That’s the key point.
With a rokoko suit, assuming you also have the cube thing, you achieve a totally no better than mediocre end result.
A result which you still need to manually clean up, which ends up requiring a more than significant time investment (which is what one would normally assume the suit money is spent to prevent).
The coding can come in to help lessen said cleanup. Instead of having your fingers 10cm away from the can like Rokoko would pass into the engine, the engine itself can be made to intuitively adjust itself so as to require Less work than you’d normally need.
However - none of that is actually done with Phat at all.
The mocap suit reads the bone values that are sent (usually via livelink plugin).
The values of it are defined elsewhere.
The “physical” object in real life doesn’t necessarily match or have anything to do with the object in game.
Your example of a can, can probably be done just the same by picking up a vive tracker directly - since placing the tracker in a can becomes problematic to say the least.
Also, don’t go thinking that the finger tracking of the gloves is ANY accurate (for rokoko as for any other similar products that don’t directly use markers and 3d cameras).

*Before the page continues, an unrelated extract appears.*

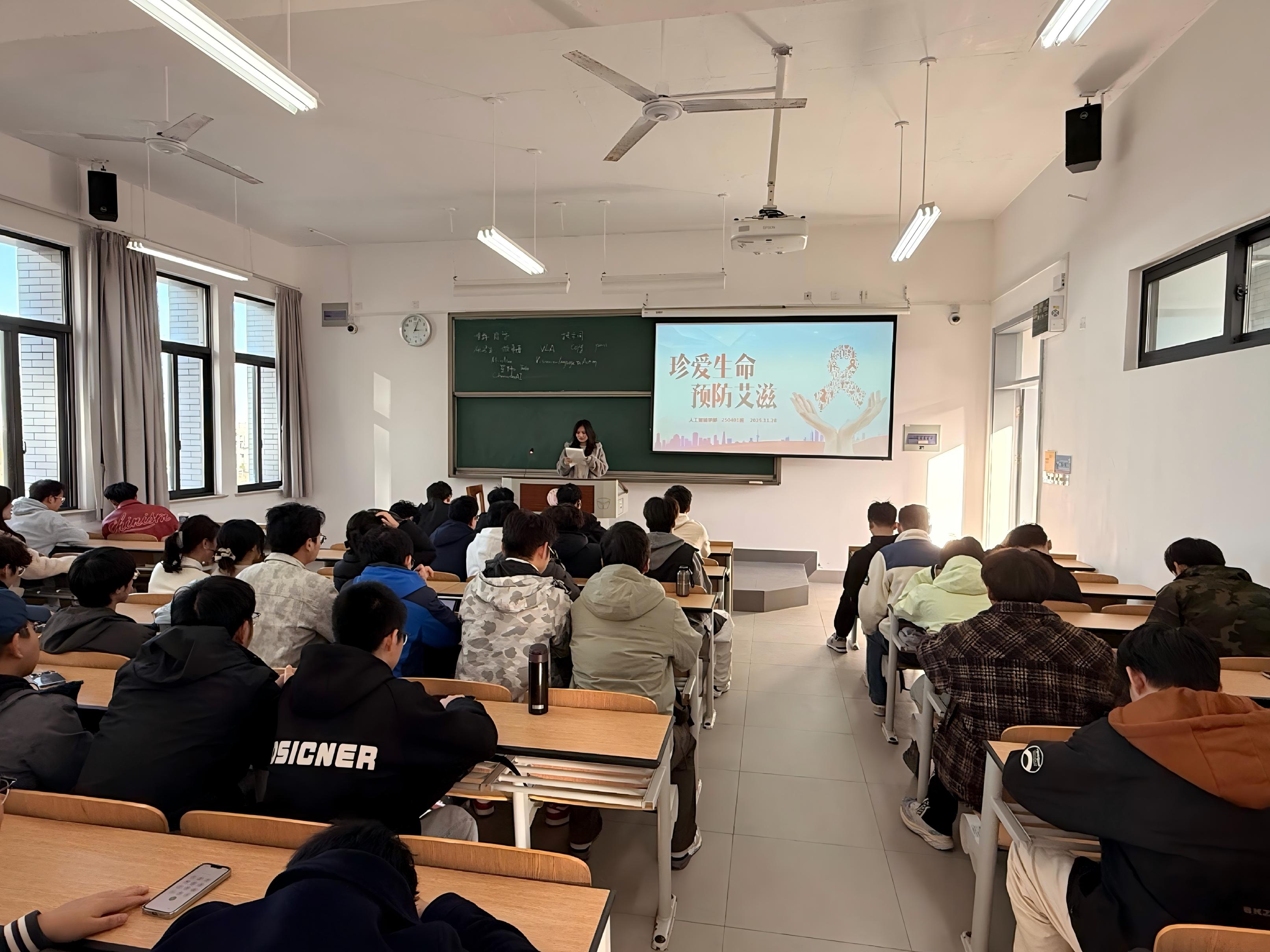 1128-121,人工智能学部在校区组织各班级开展“防艾同心”专题知识宣讲。通过“知识宣讲”、“科普短片”方式,系统介绍了艾滋病的传播途径、预防手段、检测与治疗进展,引导同学们树立科学预防艾滋病的观念。现场同学们积极参与互动,并在宣讲后认真完成预防艾滋病的知识问卷,进一步促进了预防艾滋病工作的开展。

Even with the “magic” ef emitting box rokoko offers you get very sub-par results (likely not even worth the expense).
In other words, you get close. Closer than you would with having to do it all manually - but you still have to do Most of it manually.

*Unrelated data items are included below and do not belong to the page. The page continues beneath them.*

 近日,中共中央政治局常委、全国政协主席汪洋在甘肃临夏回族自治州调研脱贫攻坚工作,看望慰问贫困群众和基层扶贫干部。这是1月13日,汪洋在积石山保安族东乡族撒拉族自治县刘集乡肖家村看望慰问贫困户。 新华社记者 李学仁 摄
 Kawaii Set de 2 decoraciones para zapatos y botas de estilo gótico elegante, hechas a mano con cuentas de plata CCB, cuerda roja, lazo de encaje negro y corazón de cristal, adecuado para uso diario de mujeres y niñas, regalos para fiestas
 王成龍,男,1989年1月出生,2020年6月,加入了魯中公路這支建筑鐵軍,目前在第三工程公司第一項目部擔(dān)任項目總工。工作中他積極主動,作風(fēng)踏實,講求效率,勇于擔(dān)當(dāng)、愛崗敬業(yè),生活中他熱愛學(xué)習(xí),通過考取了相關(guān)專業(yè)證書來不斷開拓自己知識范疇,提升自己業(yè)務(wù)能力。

So, cleaning up the animations by coding custom stuff in engine that you can leverage to produce a final “take” is really worth the time.
But again, it’s not done via Physics, 99% of the time it’s just done with straight up math.
Or data transfer if you will.
The video uses cameras and trackers - which is how it manages to be more accurate than the rokoko/sensor based BS suits (worse expense I ever made hands down - I do wonder if Vicon is around 4K all in or less). Generally speaking - you are better off paying a mocap studio to record what you need since they give you the end product complete of all the adjustments for a fraction of what the system to do it yourself costs.
You can clearly see bits of the video where the gun grips are way off - that’s the nature of passing data without any sort of post-process adjustment.
He could improve on the grip system by just adding a bit of code to do the proper post-processing for him…
Your physics would only come into play whenever you “throw” an object and you want the engine to be in charge of the end result/simulation.
Otherwise, everything/anything is just linked to the data that you import from the mocap system (whatever it may be).